I also deobliqued the functional scans so that they would be centered.
Before I ran my script, the deobliqued functional scans were near the raw anatomical scan (brain.nii) in alignment, however, the functional scans were a little off from each other.

Final Output: When I look at my Volume Registered (3Dvolreg) outputs, they are poorly aligned with the final_anat even before looking at the statistical functional maps (REML). I’ve included a picture of the run 1 3Dvolreg. The other runs are relatively similar - they are just not 100% aligned with each other. The stats REML does not align with the anat_final. The activation seems to be going outside the anat_final.

What can I do to get the best alignment possible? I have included my script below.
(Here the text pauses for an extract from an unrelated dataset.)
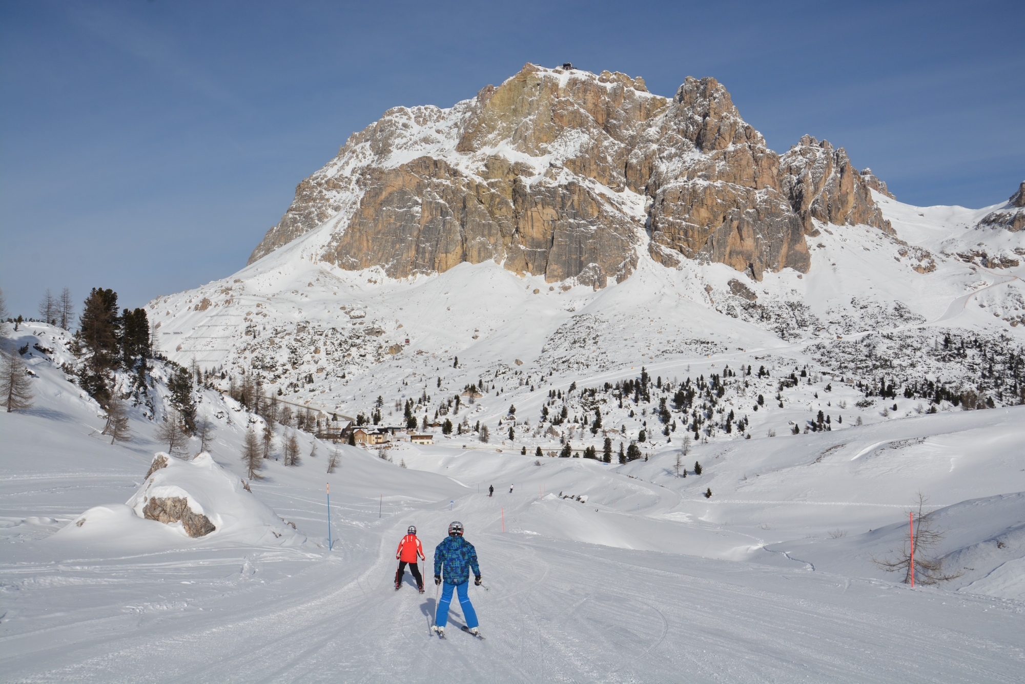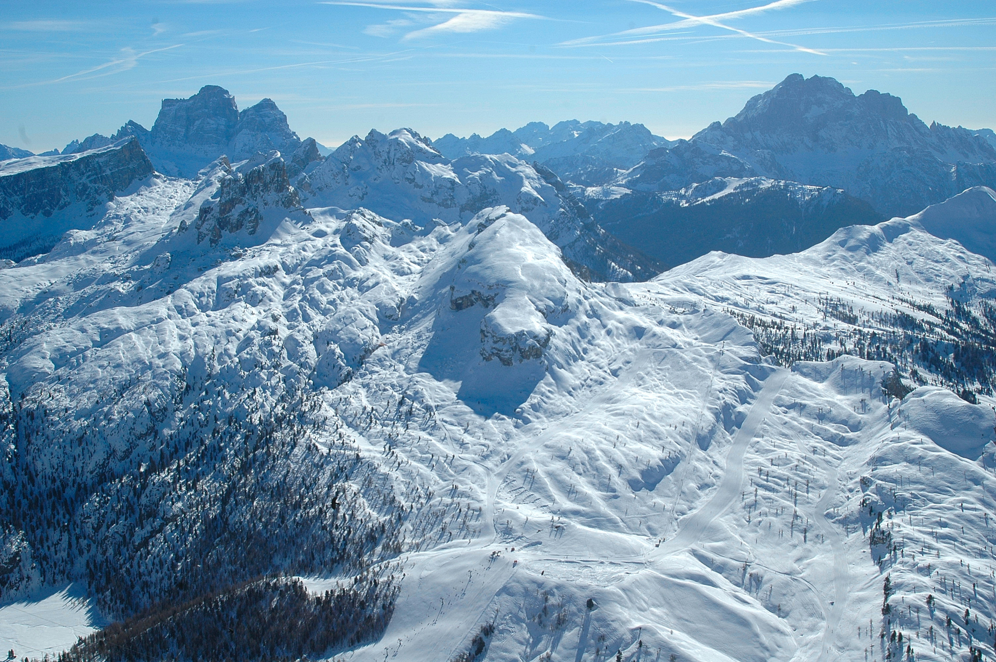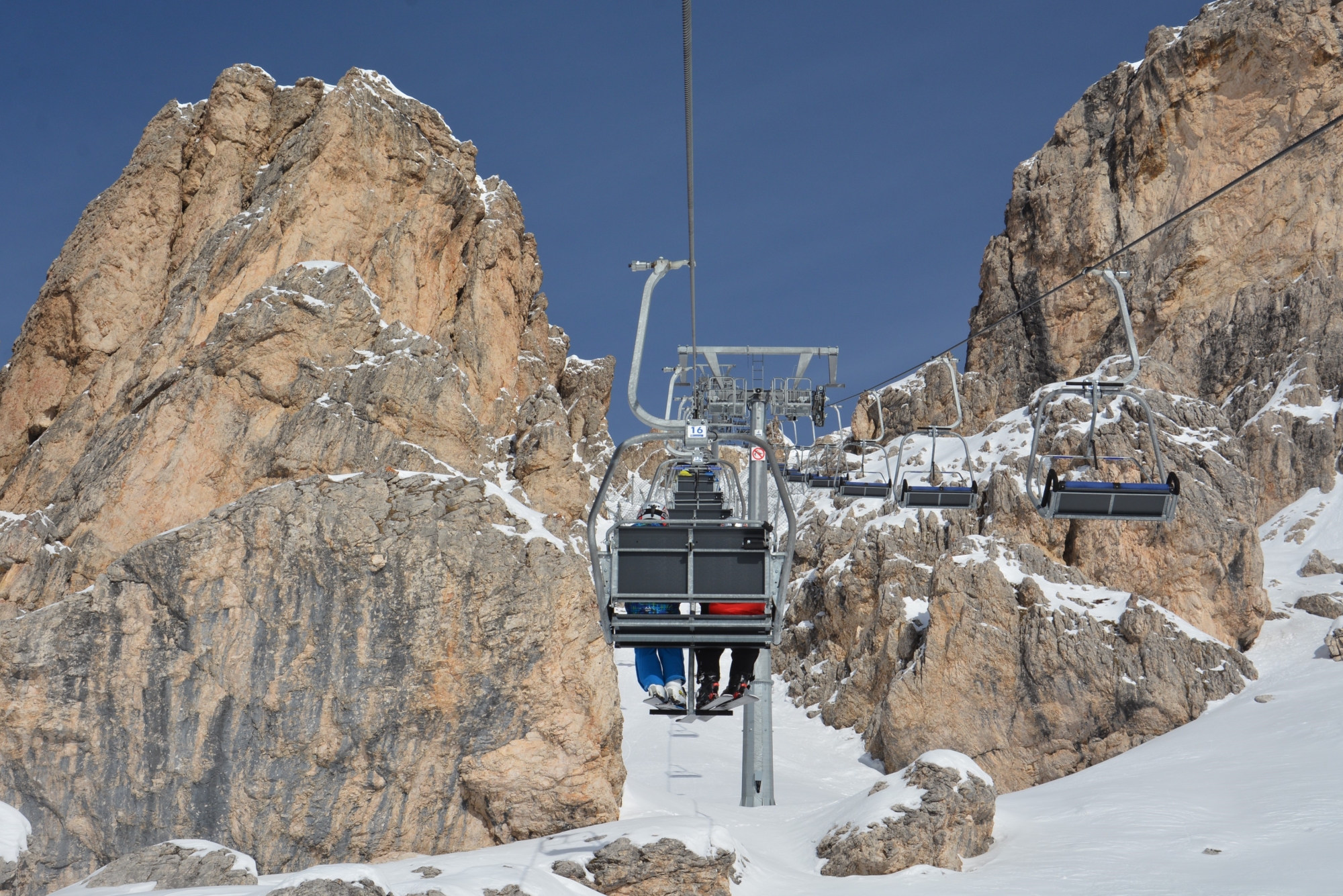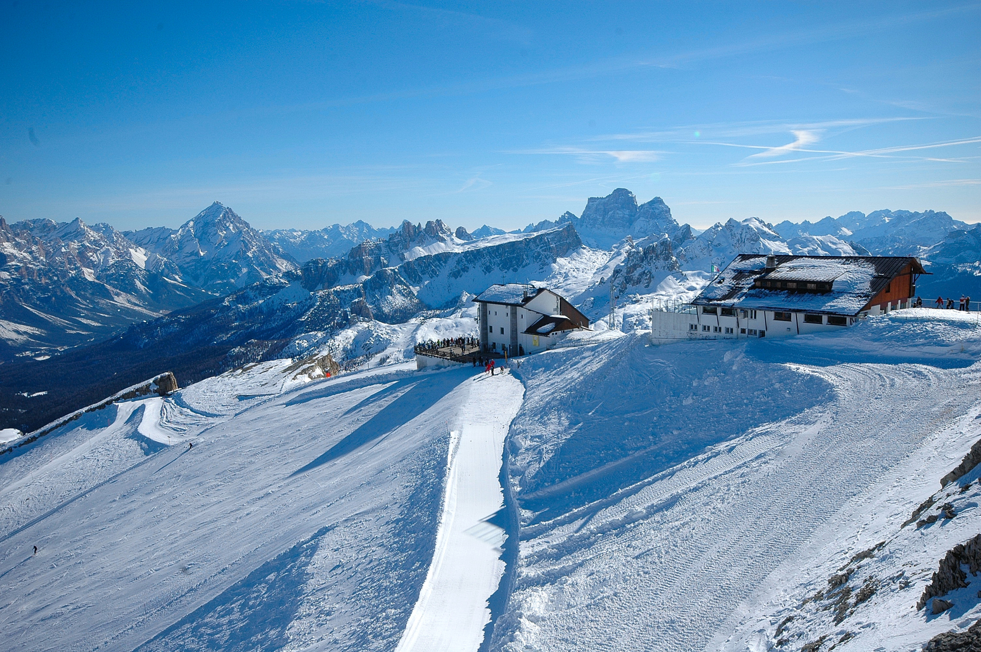 Skigebiet Falzarego Pass/Lagazuoi: Die Bergstation der Lagazuoi-Seilbahn (imposante Luftseilbahn ohne Stützen) befindet sich knapp unter den Gipfel des Lagazuoi (2778m); wer nicht auf die Marmolada fährt erreicht hier den höchsten Punkt der Runde. Das Bergpanorama gehört zu den allerschönsten der gesamten Dolomiten! Hier beginnt auch die magisch schöne Armentarola-Piste, die im unteren Teil auf die Scotoni-Hütte trifft und im Bereich der Capanna Alpina beim Pferdegespann endet.

Any advice would help!



set list of runs

set runs = (count -digits 2 1 6)

create results and stimuli directories

mkdir $output_dir
mkdir $output_dir/stimuli

copy stim files into stimulus directory


copy anatomy to results dir


============================ auto block: tcat ============================

apply 3dTcat to copy input dsets to results dir, while

removing the first 0 TRs

3dTcat -prefix $output_dir/pb00.subj.r01.tcat \ /space/kmsyn03/projects/MGH_alc/Stroop/individual/SUBJ/Afni/SUBJ_stroop_RUN01_deobl+orig'[0..]’
3dTcat -prefix $output_dir/pb00.subj.r02.tcat \ /space/kmsyn03/projects/MGH_alc/Stroop/individual/SUBJ/Afni/SUBJ_stroop_RUN02_deobl+orig'[0..]’
3dTcat -prefix $output_dir/pb00.subj.r03.tcat \ /space/kmsyn03/projects/MGH_alc/Stroop/individual/SUBJ/Afni/SUBJ_stroop_RUN03_deobl+orig'[0..]’
3dTcat -prefix $output_dir/pb00.subj.r04.tcat \ /space/kmsyn03/projects/MGH_alc/Stroop/individual/SUBJ/Afni/SUBJ_stroop_RUN04_deobl+orig'[0..]’
3dTcat -prefix $output_dir/pb00.subj.r05.tcat \ /space/kmsyn03/projects/MGH_alc/Stroop/individual/SUBJ/Afni/SUBJ_stroop_RUN05_deobl+orig'[0..]’
3dTcat -prefix $output_dir/pb00.subj.r06.tcat \ /space/kmsyn03/projects/MGH_alc/Stroop/individual/SUBJ/Afni/SUBJ_stroop_RUN06_deobl+orig'[0..]’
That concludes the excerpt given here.